Start of Entries provided

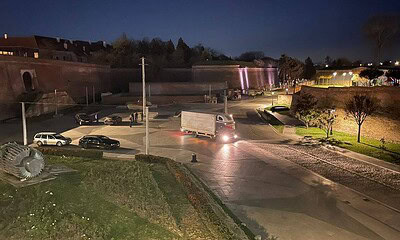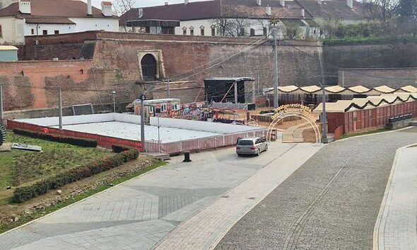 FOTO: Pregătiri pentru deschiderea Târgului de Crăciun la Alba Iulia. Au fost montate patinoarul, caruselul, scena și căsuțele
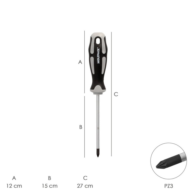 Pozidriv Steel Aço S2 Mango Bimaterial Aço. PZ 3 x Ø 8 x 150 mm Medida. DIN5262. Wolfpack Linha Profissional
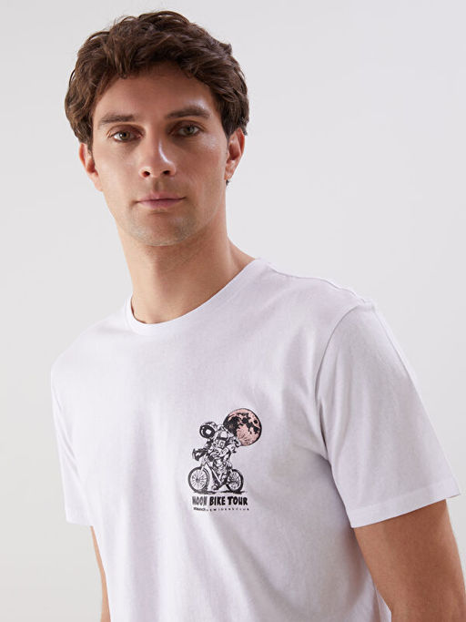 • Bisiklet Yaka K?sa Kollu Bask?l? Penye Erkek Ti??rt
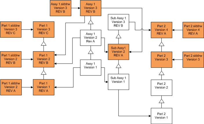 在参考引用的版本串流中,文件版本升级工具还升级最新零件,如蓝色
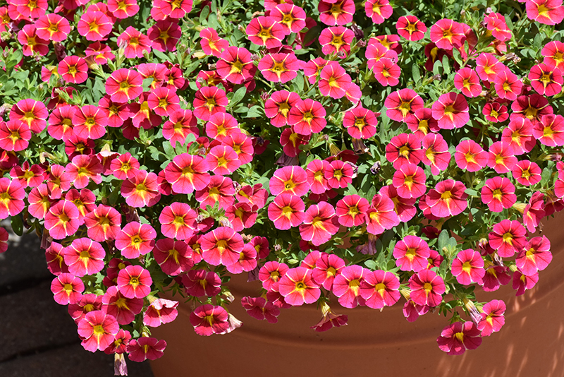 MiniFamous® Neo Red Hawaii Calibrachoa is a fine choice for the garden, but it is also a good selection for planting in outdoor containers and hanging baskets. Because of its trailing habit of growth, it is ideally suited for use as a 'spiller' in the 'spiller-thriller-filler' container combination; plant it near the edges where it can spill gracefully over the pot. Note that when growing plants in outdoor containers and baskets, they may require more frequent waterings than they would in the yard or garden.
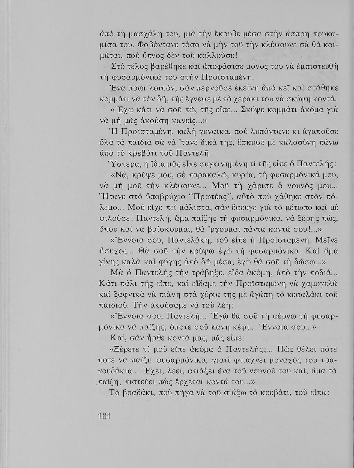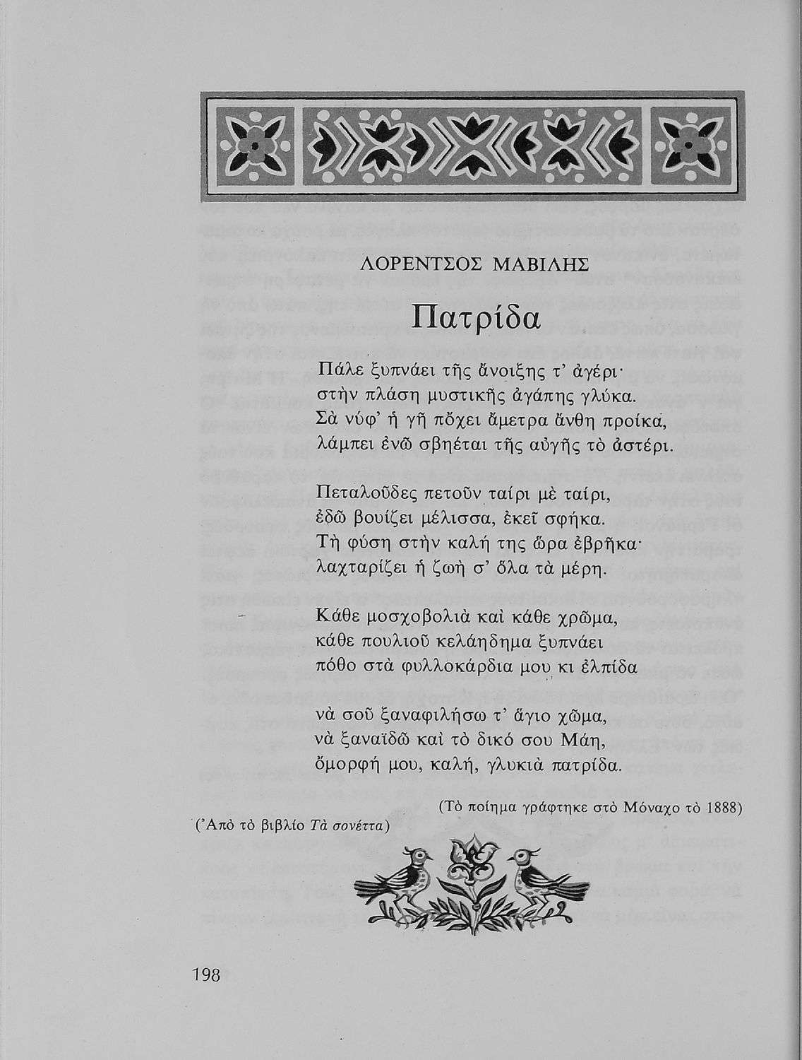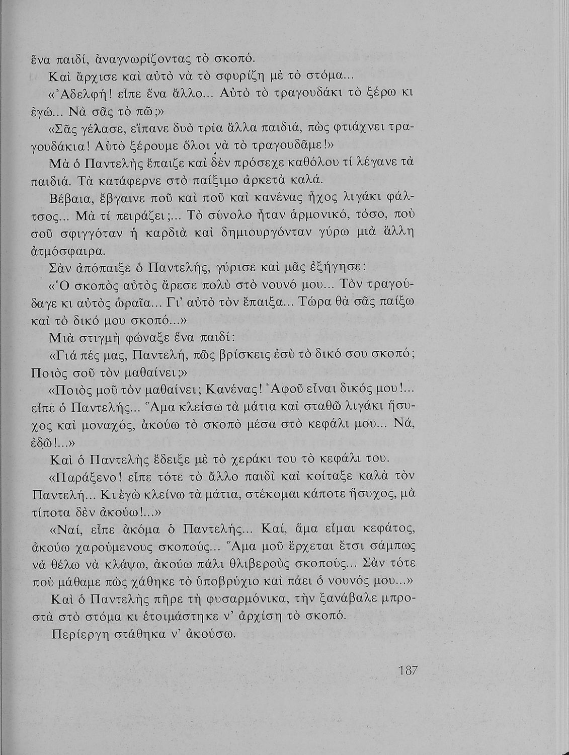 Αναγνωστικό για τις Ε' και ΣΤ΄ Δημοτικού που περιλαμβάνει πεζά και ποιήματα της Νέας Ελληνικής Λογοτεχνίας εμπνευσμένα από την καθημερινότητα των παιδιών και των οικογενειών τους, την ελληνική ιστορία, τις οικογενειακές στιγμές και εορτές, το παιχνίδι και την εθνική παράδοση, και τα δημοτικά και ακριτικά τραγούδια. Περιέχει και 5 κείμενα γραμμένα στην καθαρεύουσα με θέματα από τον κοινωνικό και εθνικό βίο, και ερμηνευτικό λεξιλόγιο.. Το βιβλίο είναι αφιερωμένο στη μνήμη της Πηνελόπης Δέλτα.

End of Entries provided

# Brief:
Could the lines from the top of the material through the line with "MiniFamous® Neo Red" be repeated exactly, pictures left out?

# Result for this exercise:
 FOTO: Pregătiri pentru deschiderea Târgului de Crăciun la Alba Iulia. Au fost montate patinoarul, caruselul, scena și căsuțele
 Pozidriv Steel Aço S2 Mango Bimaterial Aço. PZ 3 x Ø 8 x 150 mm Medida. DIN5262. Wolfpack Linha Profissional
 • Bisiklet Yaka K?sa Kollu Bask?l? Penye Erkek Ti??rt
 在参考引用的版本串流中,文件版本升级工具还升级最新零件,如蓝色
 MiniFamous® Neo Red Hawaii Calibrachoa is a fine choice for the garden, but it is also a good selection for planting in outdoor containers and hanging baskets. Because of its trailing habit of growth, it is ideally suited for use as a 'spiller' in the 'spiller-thriller-filler' container combination; plant it near the edges where it can spill gracefully over the pot. Note that when growing plants in outdoor containers and baskets, they may require more frequent waterings than they would in the yard or garden.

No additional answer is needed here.